• Raw data:
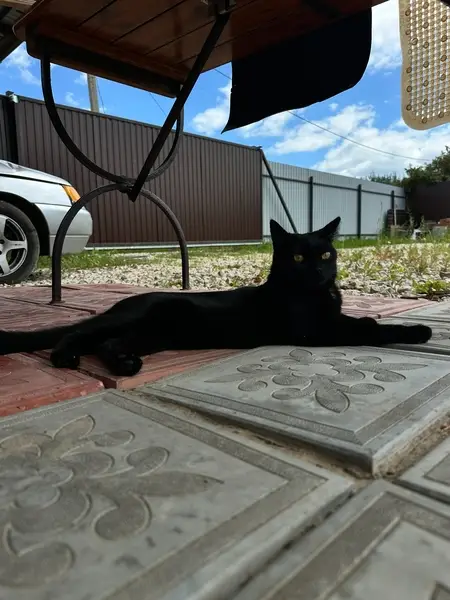 Породу не знаю Мальчик Полностью черная шерсть Глаза желто - оранжевые Небольшой стройный кот Здоров, аппетит хороший, очень ласковый Громко мяукал примерно с 9 часов утра, когда подошла к нему, котик дрожал и очень брался улицы, с удовольствием съел пакет корма, ластился и просился на ручки Явно боится улицы, с места не сходит
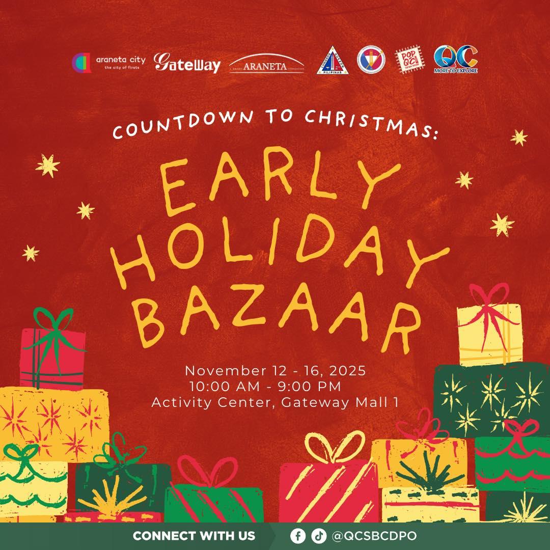 Get a head start on holiday shopping at the Countdown to Christmas: Early Christmas Bazaar, happening Nov. 12-16, 2025, from 10 a.m. to 9 p.m. at the Gateway Mall 1 Activity Area, Araneta City. This festive market brings together QCpreneurs under the Proudly Original Products of QC (POP QC) program, showcasing a wide array of dekalidad local products perfect for holiday gifts, stocking stuffers, or self-indulgence.
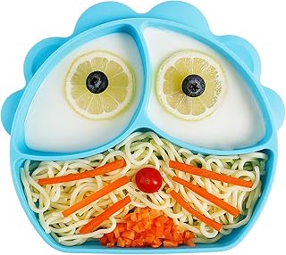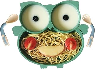Yafane Baby Teller Silikon Tischset Set für Baby Kleinkinder und Kinder mit Babylöffel Tragbar BPA-freie Babyteller schüssel Rutschfest mit Saugnapf Abwaschbar für Spülmaschine Mikrowelle (Grün-Eule)
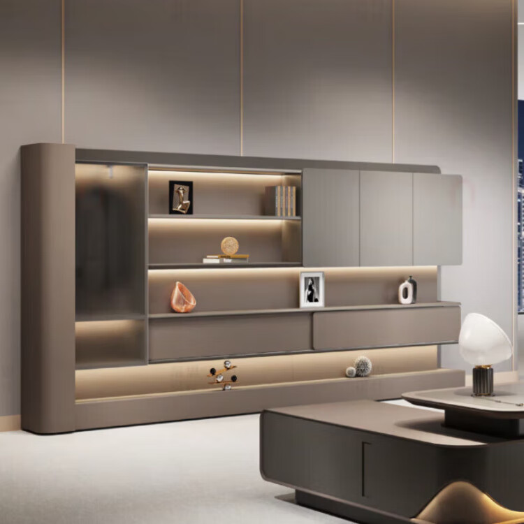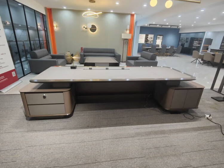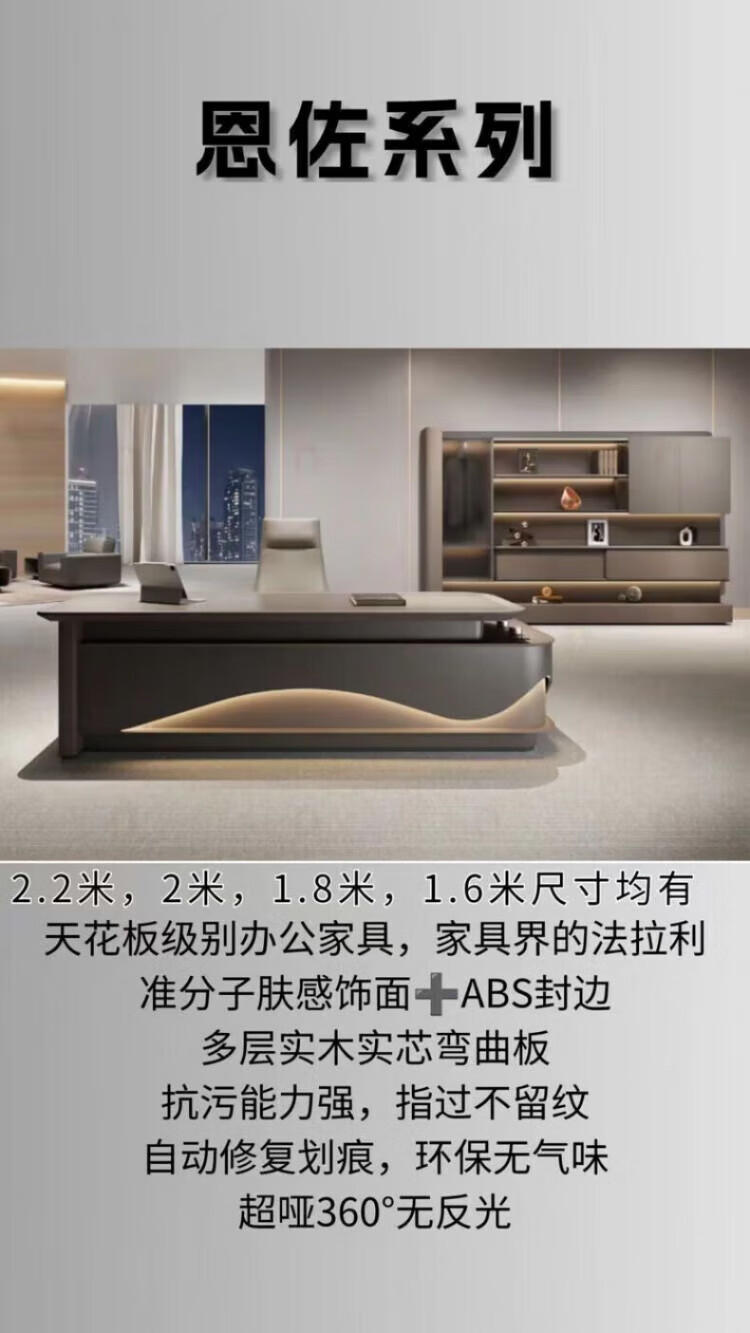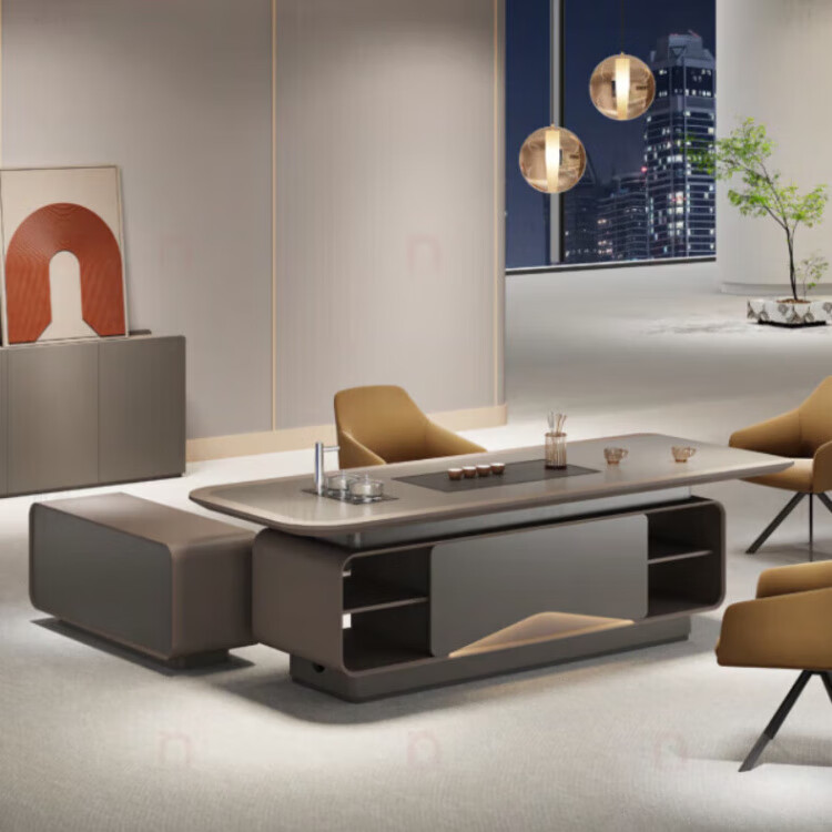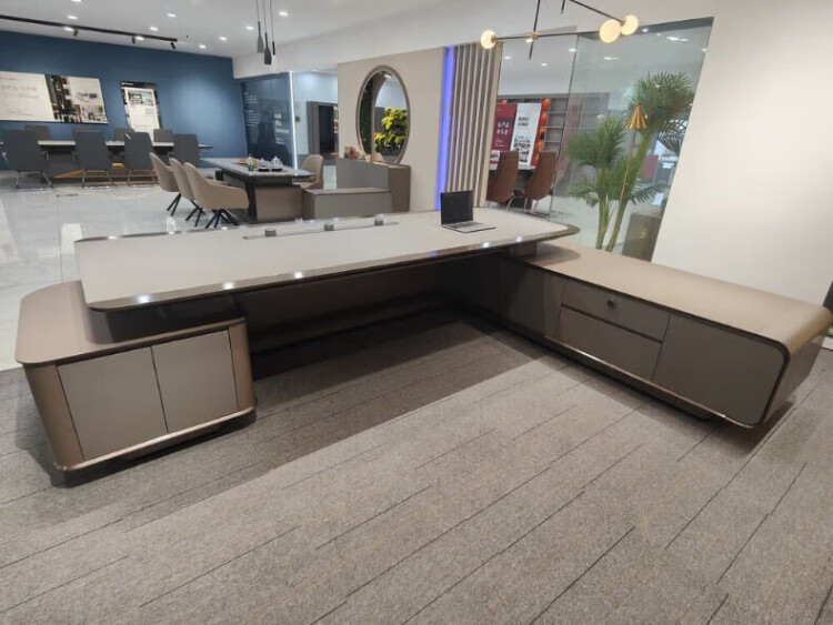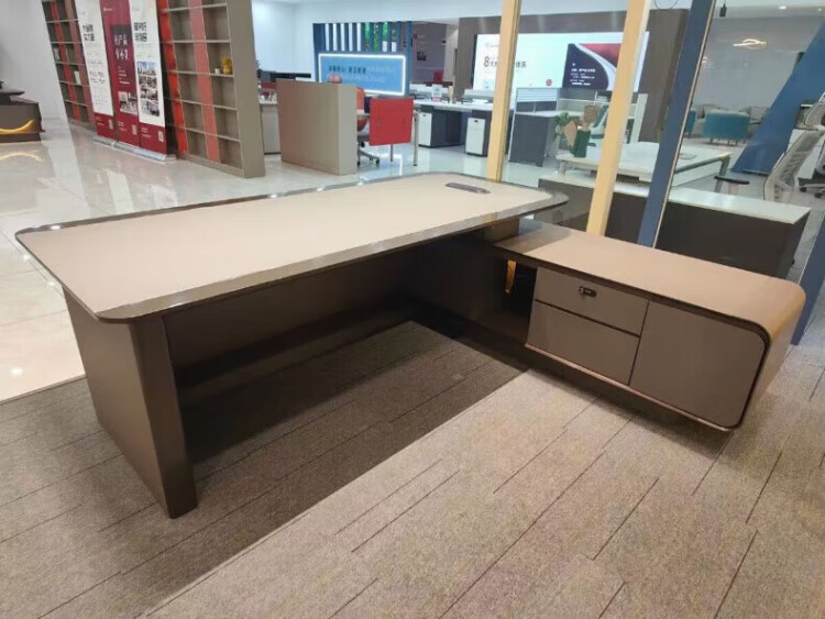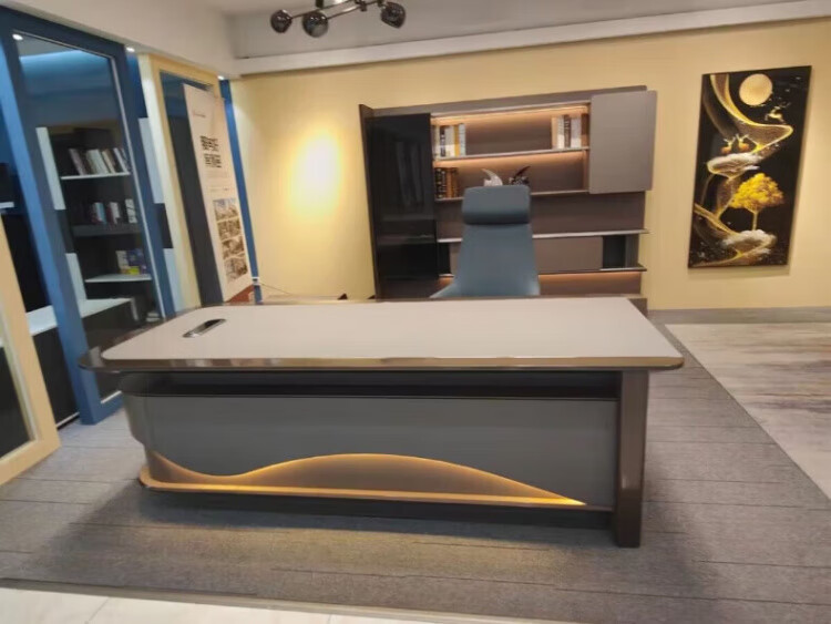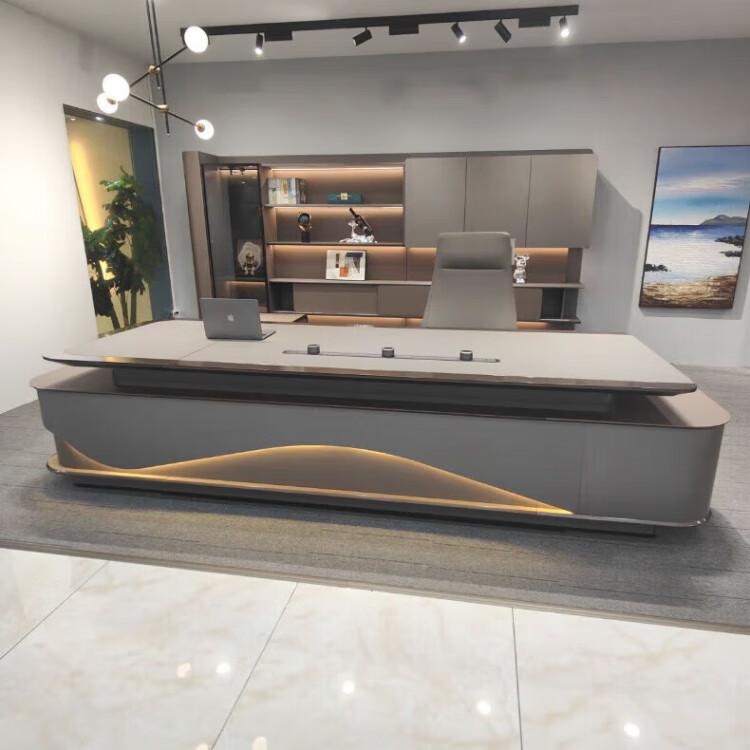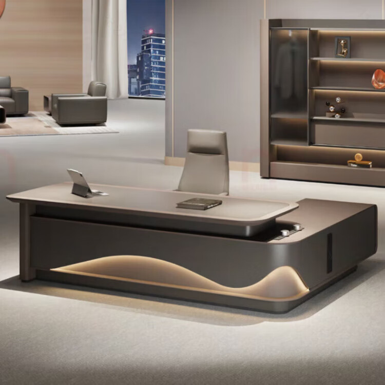 Arc-shaped Italian light luxury boss desk office desk simple modern table president desk and chair chairman executive desk 1.6 meters desk (single cabinet without lights)
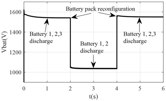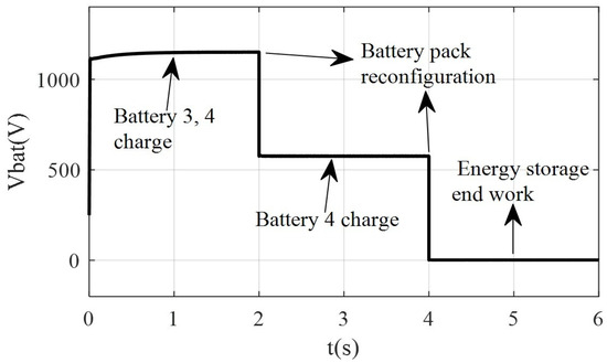 Figure 13 and Table 2 demonstrate that during 0∼2 s, reconfigurable battery energy storage controls battery packs 1, 2, and 3 with larger SOC to discharge together, and the series output voltage is about 1540 V; during 2∼4 s, due to the increase in illumination intensity, photovoltaic power generation power increases, energy storage controls battery packs 1 and 2 to discharge together through switches, and the output voltage decreases from 1540 V to 1038 V; during 4∼6 s, because the AC load demand power increases to 175 kW, the energy storage system continues to reconfigure at 4 s, and the output voltage increases from 1038 V to 1540 V by controlling battery packs 1, 2, and 3 to discharge together through switches.
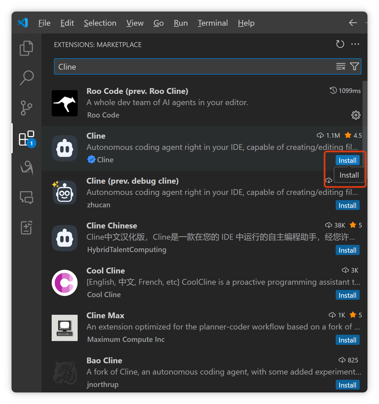 在 Extensions 市场中搜索 Cline,找到并点击 安装插件:

• About this task: Excluding the pictures, transcribe all of the entries exactly.

• Answer section:
 Породу не знаю Мальчик Полностью черная шерсть Глаза желто - оранжевые Небольшой стройный кот Здоров, аппетит хороший, очень ласковый Громко мяукал примерно с 9 часов утра, когда подошла к нему, котик дрожал и очень брался улицы, с удовольствием съел пакет корма, ластился и просился на ручки Явно боится улицы, с места не сходит
 Get a head start on holiday shopping at the Countdown to Christmas: Early Christmas Bazaar, happening Nov. 12-16, 2025, from 10 a.m. to 9 p.m. at the Gateway Mall 1 Activity Area, Araneta City. This festive market brings together QCpreneurs under the Proudly Original Products of QC (POP QC) program, showcasing a wide array of dekalidad local products perfect for holiday gifts, stocking stuffers, or self-indulgence.
Yafane Baby Teller Silikon Tischset Set für Baby Kleinkinder und Kinder mit Babylöffel Tragbar BPA-freie Babyteller schüssel Rutschfest mit Saugnapf Abwaschbar für Spülmaschine Mikrowelle (Grün-Eule)
 Arc-shaped Italian light luxury boss desk office desk simple modern table president desk and chair chairman executive desk 1.6 meters desk (single cabinet without lights)
 Figure 13 and Table 2 demonstrate that during 0∼2 s, reconfigurable battery energy storage controls battery packs 1, 2, and 3 with larger SOC to discharge together, and the series output voltage is about 1540 V; during 2∼4 s, due to the increase in illumination intensity, photovoltaic power generation power increases, energy storage controls battery packs 1 and 2 to discharge together through switches, and the output voltage decreases from 1540 V to 1038 V; during 4∼6 s, because the AC load demand power increases to 175 kW, the energy storage system continues to reconfigure at 4 s, and the output voltage increases from 1038 V to 1540 V by controlling battery packs 1, 2, and 3 to discharge together through switches.
 在 Extensions 市场中搜索 Cline,找到并点击 安装插件:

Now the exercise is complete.